*Exercise description:* Set down the data below without change, skipping the pictures it holds.

*The data:*
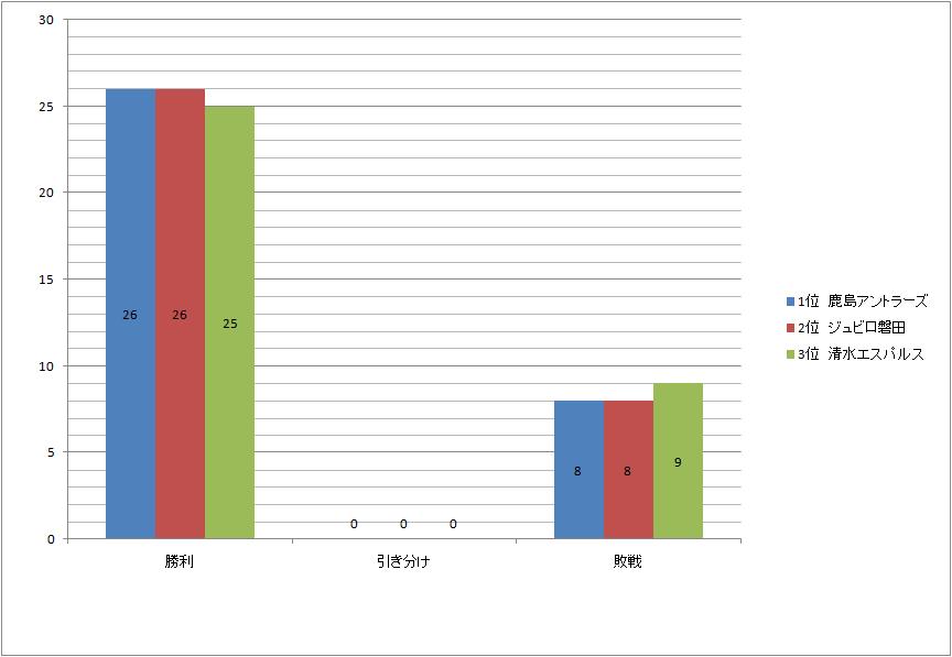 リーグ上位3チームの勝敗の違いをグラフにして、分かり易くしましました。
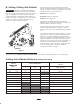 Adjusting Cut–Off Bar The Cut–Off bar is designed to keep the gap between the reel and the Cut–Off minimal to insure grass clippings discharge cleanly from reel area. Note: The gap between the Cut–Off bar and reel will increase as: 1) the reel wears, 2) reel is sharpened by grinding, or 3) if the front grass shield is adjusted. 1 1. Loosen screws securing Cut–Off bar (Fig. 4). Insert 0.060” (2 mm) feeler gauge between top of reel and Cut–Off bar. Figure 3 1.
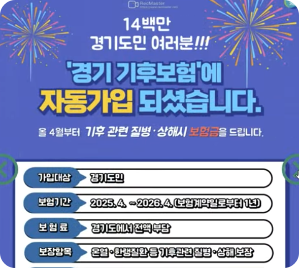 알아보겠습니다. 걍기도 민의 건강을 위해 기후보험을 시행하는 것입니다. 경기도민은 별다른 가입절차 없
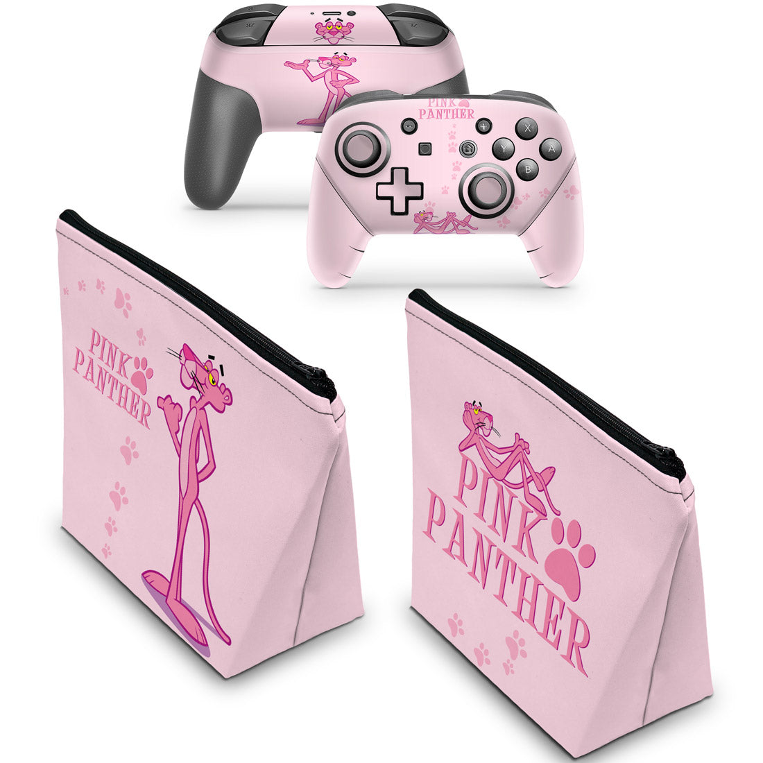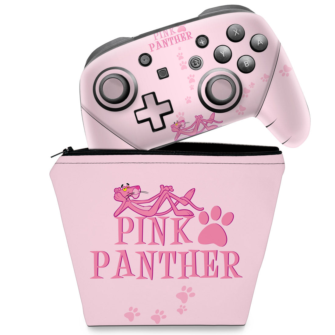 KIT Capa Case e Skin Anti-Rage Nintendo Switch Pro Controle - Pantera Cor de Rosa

*Response area:*
 リーグ上位3チームの勝敗の違いをグラフにして、分かり易くしましました。
 Adjusting Cut–Off Bar The Cut–Off bar is designed to keep the gap between the reel and the Cut–Off minimal to insure grass clippings discharge cleanly from reel area. Note: The gap between the Cut–Off bar and reel will increase as: 1) the reel wears, 2) reel is sharpened by grinding, or 3) if the front grass shield is adjusted. 1 1. Loosen screws securing Cut–Off bar (Fig. 4). Insert 0.060” (2 mm) feeler gauge between top of reel and Cut–Off bar. Figure 3 1.
 알아보겠습니다. 걍기도 민의 건강을 위해 기후보험을 시행하는 것입니다. 경기도민은 별다른 가입절차 없
 KIT Capa Case e Skin Anti-Rage Nintendo Switch Pro Controle - Pantera Cor de Rosa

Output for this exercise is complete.